TASK TO CARRY OUT → The required output is the stretch from the line containing "Fourreaux de fourches" through the line containing "Rares, transitoires, elles" in the records below, unaltered and with no pictures.

GIVEN RECORDS →
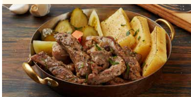
PASTRAMA DE PORC LA CEAUN
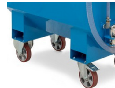
Fourreaux de fourches
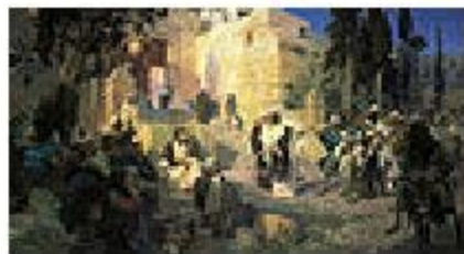
«Христос и грешница»

Василий Polenov родился 20 мая (1 июня) 1844 г. в Петербурге .
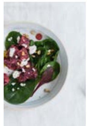
WAS BIETET DIE SAISON? S. 106
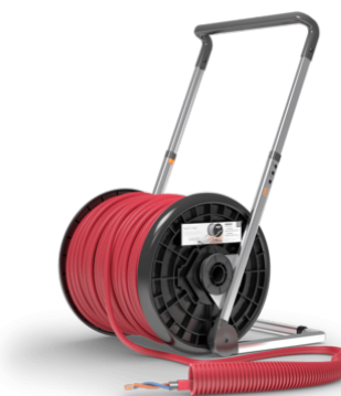
16 mm / ELQYB 2x1 / B300
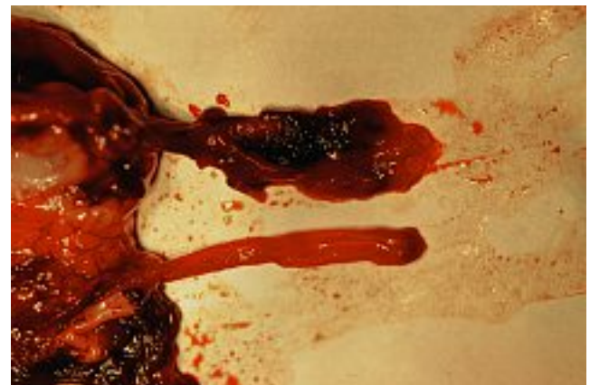
Photo 4. – Brûlure du tissu périverneux par le laser (veine jugulaire de porc)

Rares, transitoires, elles sont liées à une brûlure du tissu périverneux, donc à une diffusivité excessive de la chaleur au-delà de la paroi veineuse, conduisant aux mêmes effets secondaires que le classique stripping (Photo 4).
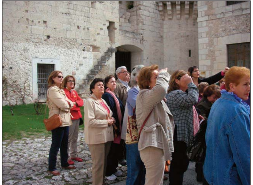
Los viajes incluyen visitas culturales.

Los viajes se desarrollan en las mejores condiciones y con todas las garantías, en colaboración con una agencia de dilatada experien-
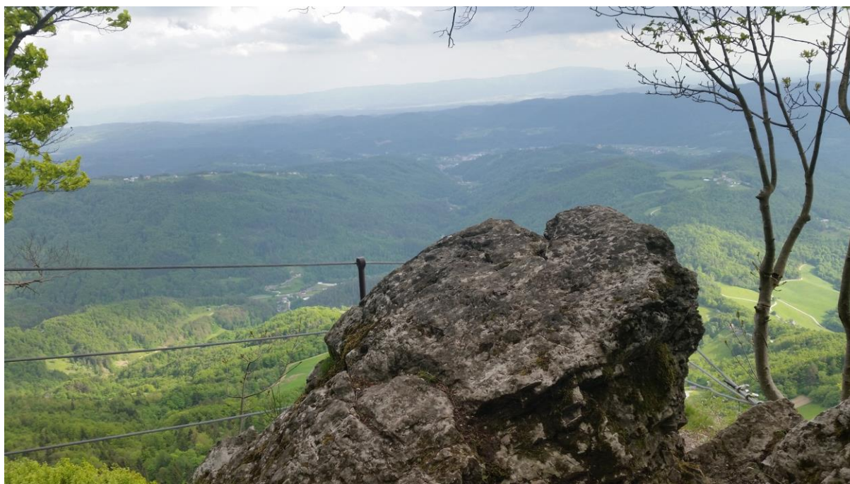
Zaključek plezalne poti

* Uradnih slovenskih prevodov ni, zato je besedna razlaga težavnosti zgolj moj prevod iz nemščine.
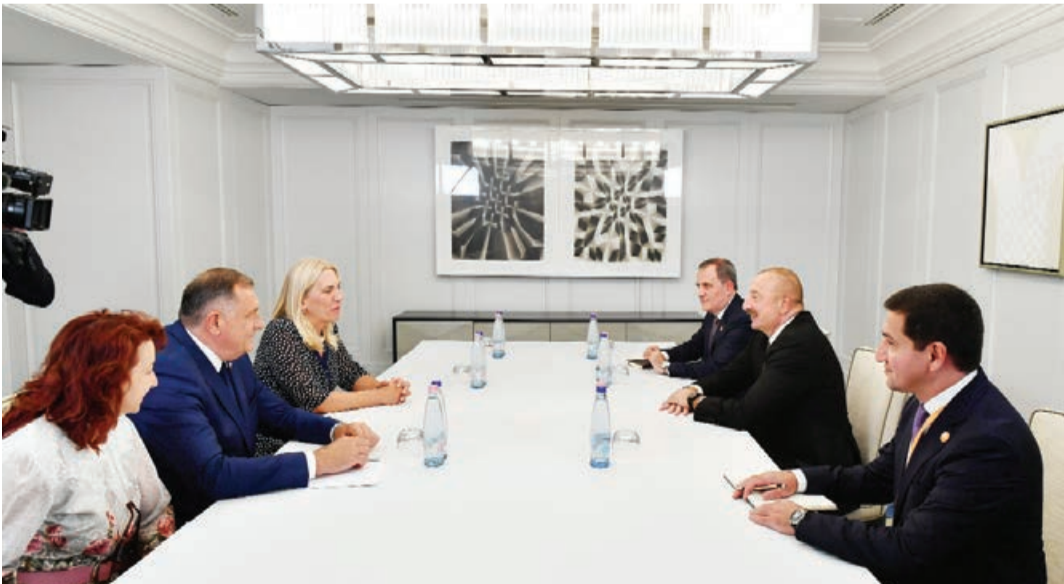
Avqustun 20-də Budapeştə Azərbaycan Respublikasının Prezidenti İlham Əliyevin Bosniya və Herseqovinanın Rəyasət Heyətinin üzvü xanım Jelka Tsviyanoviç və Serb Respublikasının Prezidenti Milorad Dodik ilə görüşü olub.

Azərbaycan Prezidenti İlham Əliyevin Bosniya və Herseqovinanın Rəyasət Heyətinin üzvü xanım Jelka Tsviyanoviç və Serb Respublikasının Prezidenti Milorad Dodik ilə görüşü olub
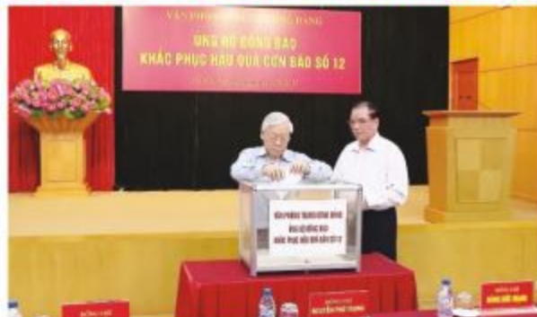
Tổng Bí thư Nguyễn Phú Trọng và nguyên Tổng Bí thư Nông Đức Mạnh tham gia quyên góp ủng hộ đồng bào bị ảnh hưởng lũ lụt
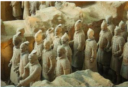
สุสานกองทัพทหารม้าจินซี

พักที่ XINYUAN HOTEL 4* หรือ โรงแรมในระดับเดียวกัน เมืองหัวซาน
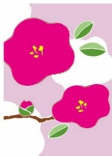
椿 < 控えめな愛 >
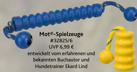
Mot®-Spielzeuge #32825/6 UVP 6,99 € entwickelt vom erfahrenen und bekannten Buchautor und Hundetrainer Ekard Lind
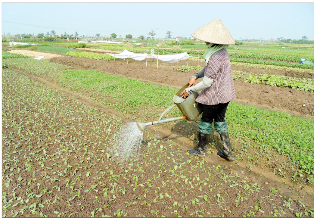
Nông dân xã Vũ Phúc (thành phố Thái Bình) xuống giống vụ rau mới.

Không chỉ cấy lúa, nhiều hộ nông dân ở các xã ven thành phố Thái Bình còn có thu nhập tốt từ trồng rau màu. Nhiều hộ đã thoát nghèo, vươn lên làm giàu.
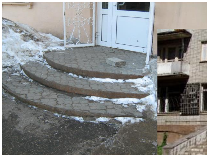
Магазин Продукты ул. Горького
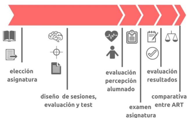
Figura 2. Proceso de trabajo.

Este estudio fue diseñado en cinco etapas, tal y como se refleja en la Figura 2.
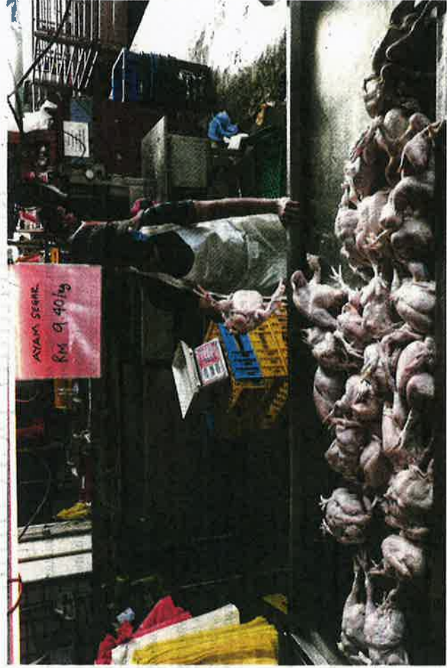
Tinjauan harga ayam yang dijual pada harga RM9.40 di Pasar Borong Selangor.

"Saya memang biasa beli di sini berbanding pasar di kawasan Ampang sebab di sana lebih mahal. Jika ikan sini RM18 sekilogram, di sana mencecah se-
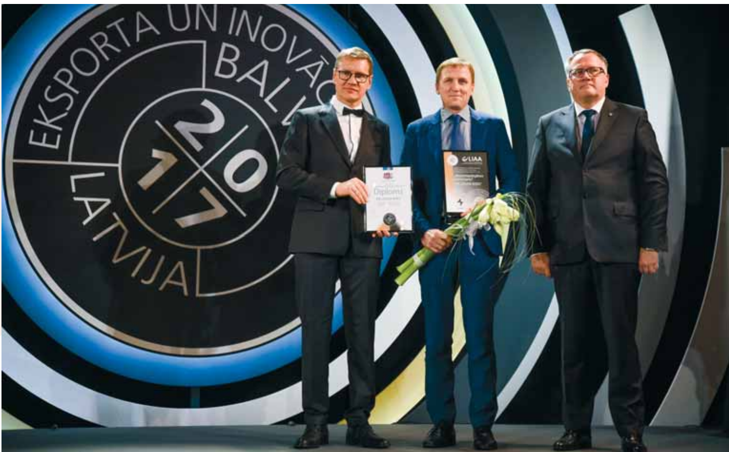
Šķērsot 2017. gada Latvijas eksporta un inovācijas balvu

atzinumu, jo ieguvām godalgotu vietu eksporta balvas konkursā. Tagad esam tiesīgi izmantot piešķirto titulu "Eksportspējīgākais komersants 2017", kas mums ļoti palīdzēs prezentēt sevi jaunajos tirgos.
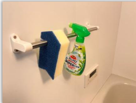
お風呂掃除用洗剤、スポンジ
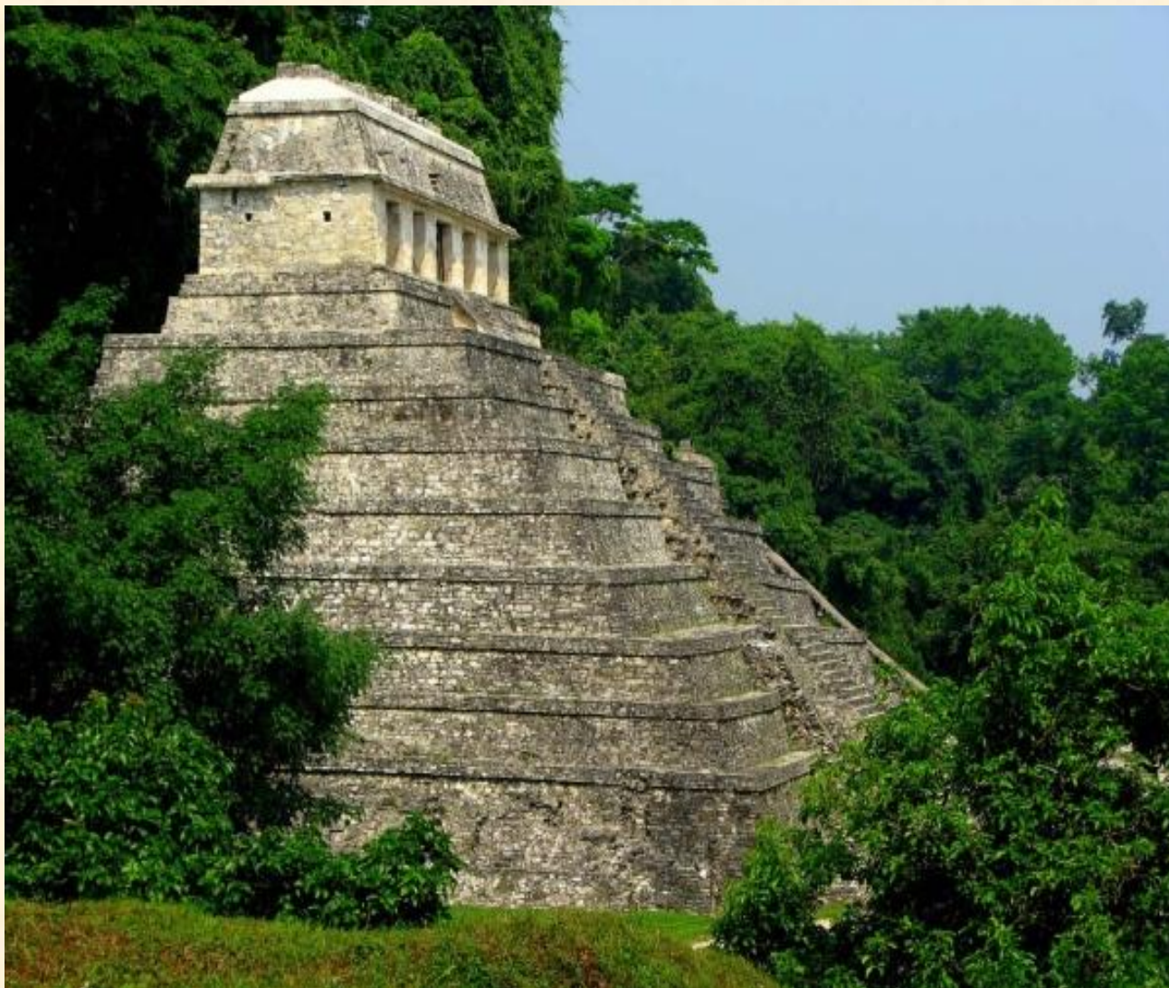
Храм Надписей, Паленке

ANSWER TO THE PROBLEM →
Fourreaux de fourches
«Христос и грешница»

Василий Polenov родился 20 мая (1 июня) 1844 г. в Петербурге .
WAS BIETET DIE SAISON? S. 106
16 mm / ELQYB 2x1 / B300
Photo 4. – Brûlure du tissu périverneux par le laser (veine jugulaire de porc)

Rares, transitoires, elles sont liées à une brûlure du tissu périverneux, donc à une diffusivité excessive de la chaleur au-delà de la paroi veineuse, conduisant aux mêmes effets secondaires que le classique stripping (Photo 4).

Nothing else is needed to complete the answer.